What do MPs do?

This winter session of Parliament, in which the opposition and the government exhausted so much political capital over forcing and winning, respectively, a vote on foreign direct investment (FDI) in multi-brand retail came to a rather quiet close this week. In the days after, as number crunchers conclude an audit — hours lost to adjournments, volume of legislation taken up, passed, etc — it is an opportune moment to inquire, what is it that members of Parliament do?

Or, as a former Labour member of Britain's House of Commons poses it in a collection of writing, Doing Politics, what are MPs for?

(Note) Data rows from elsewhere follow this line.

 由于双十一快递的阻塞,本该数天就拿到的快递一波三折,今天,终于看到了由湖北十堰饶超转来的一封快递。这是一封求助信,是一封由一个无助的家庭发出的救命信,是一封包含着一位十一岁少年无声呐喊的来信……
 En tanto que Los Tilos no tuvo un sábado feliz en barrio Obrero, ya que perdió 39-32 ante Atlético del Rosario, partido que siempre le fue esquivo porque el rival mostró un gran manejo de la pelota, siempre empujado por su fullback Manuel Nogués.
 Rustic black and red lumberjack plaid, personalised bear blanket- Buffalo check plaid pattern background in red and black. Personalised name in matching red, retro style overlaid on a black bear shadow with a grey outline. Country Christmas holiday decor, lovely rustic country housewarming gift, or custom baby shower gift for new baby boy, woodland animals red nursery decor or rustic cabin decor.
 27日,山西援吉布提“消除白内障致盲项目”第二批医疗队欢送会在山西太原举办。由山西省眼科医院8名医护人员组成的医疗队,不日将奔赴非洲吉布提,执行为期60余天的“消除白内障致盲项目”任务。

Walking through the steps of Tony Wright's answer is instructive, not least because it casts in clearer relief the lack of disquiet this month over the crisis framed by the chairman of the Rajya Sabha when he threw his hands in the air and suggested the extreme step of rescheduling Question Hour or even abandoning it altogether. (As an indication of the magnitude of the abandonment already happening, according to an aggregation by PRS Legislative Research, in the winter session till December 18, the Lok Sabha had taken up only 41 of the 360 questions listed for oral answers, and the Rajya Sabha only 33.)

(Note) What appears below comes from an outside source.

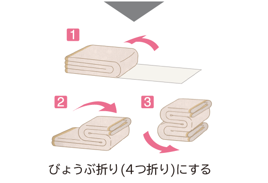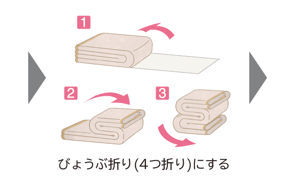 ●掛けふとん :時々裏返すと乾きやすくなります。また、詰め物をほぐすとふっくら仕上がります。

Wright's question is posed amidst his larger ambition to present a defence of politics and politicians in these times when their absolutely pivotal role in underwriting basic liberties in a democracy is so glibly discounted. He notes that breaking down the job description of an MP to its bare essentials — of seeing to one's constituents, voting in divisions, and serving on committees — does not quite capture the nature of the task. Neither, he adds, does a more thorough list of the functions an MP performs tabulated by a Commons committee: such as supporting her party in Parliament, in government or in opposition; representing constituents individually and as a constituency; holding the government to account by scrutinising its functioning, challenging it and nudging it in certain direction; initiating, scrutinising and giving final shape to legislation; shaping policy, on the floor of the House and in committees, and explaining her party's position to the public.